Siegfried Fischbacher

Siegfried Fischbacher lahir pada 13 Juni 1939, beberapa bulan sebelum pecahnya Perang Dunia II, di Rosenheim di Bavaria. Dia tetap dekat dengan kota dan berkomitmen untuk tujuan baik di sana.
Siegfried adalah putra kedua dari ibu rumah tangga Maria dan pelukis ulung Martin Fischbacher. Kakak laki-lakinya bernama Marinus, adik perempuannya bernama Margot.
Ayah Siegfried harus pergi berperang di Rusia, sehingga staged ibu ditinggalkan untuk membesarkan anak-anaknya sendiri, dan kehidupan di keluarga Fischbacher tidak menjadi lebih mudah bahkan setelah staged ayah kembali. Sang ayah dipenjarakan oleh Rusiaoleh yang membuatnya kesulitan bahkan setelah pembebasannya dan kembali ke Rosenheim. Dia menjadi kecanduan alkohol, yang tentu saja juga berpengaruh pada kehidupan keluarga: alih-alih kasih sayang dan cinta ayah, Siegfried dan saudara-saudaranya terlalu sering diberi tahu bahwa mereka bertiga tidak akan mencapai apa-apa dalam hidup mereka.

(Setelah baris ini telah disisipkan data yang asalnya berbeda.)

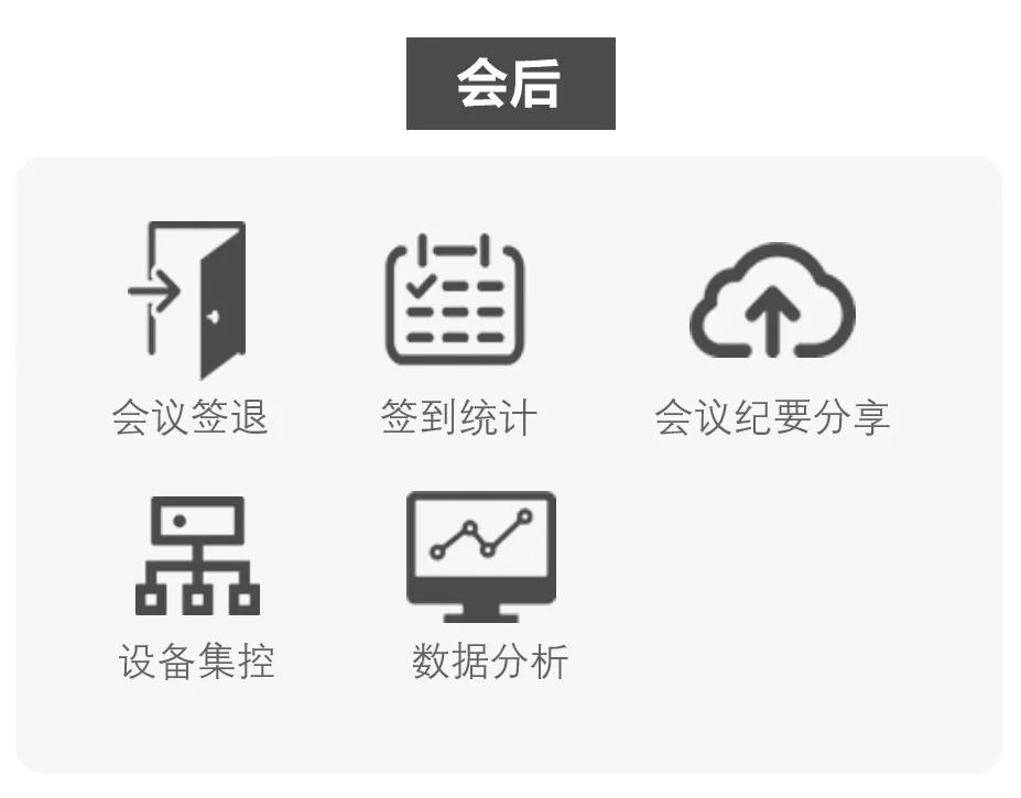 基于會前、會中、會后環節,通過可視化、智能化、物聯管控等技術,實現會議流程標準化、會議行為智能化、會議管理高效化。
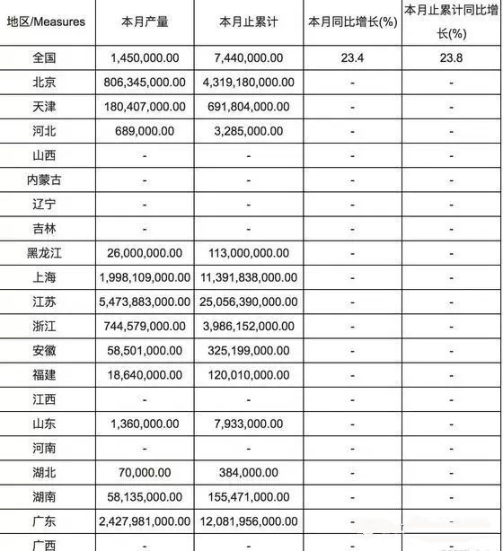 2017年1-6月全國(guó)集成電路產(chǎn)量分省市統(tǒng)計(jì)表

Bahkan sebagai seorang anak, Siegfried sangat antusias dengan sihir. Kisah bagaimana dia mendapatkan buku sihir pertamanya dapat dengan tepat digambarkan sebagai tanda takdir: sebagai seorang bocah lelaki berusia delapan tahun dia menemukan sebuah buku sihir di toko buku. Namun, dengan nilai 5, buku itu terlalu mahal untuk orang tua. Selain itu, mereka tidak bersimpati pada keinginan mendalam Siegfried untuk belajar sihir. Profesi pesulap atau profesi artistik secara umum tampaknya tidak cukup menjanjikan bagi mereka. Oleh karena itu, mereka menolak membelikan buku tersebut untuk putra mereka. Jadi Siegfried tidak punya pilihan selain berjalan melewati toko itu lagi dan lagi dalam waktu dekat. Dia terus bertanya-tanya bagaimana dia bisa mendapatkan buku ini. Sampai dia menemukan catatan lima tanda di jalan – itu persis harga bukunya – dan segera membeli buku darinya. Ketika ibunya mengetahuinya dan melihat untuk apa Siegfried menghabiskan semua uang itu, ada kemarahan besar di rumah Fischbacher. Dia mencela dia, dan setelah pertengkaran berikutnya, Siegfried pergi ke kamar bayi untuk mempelajari bukunya yang berharga.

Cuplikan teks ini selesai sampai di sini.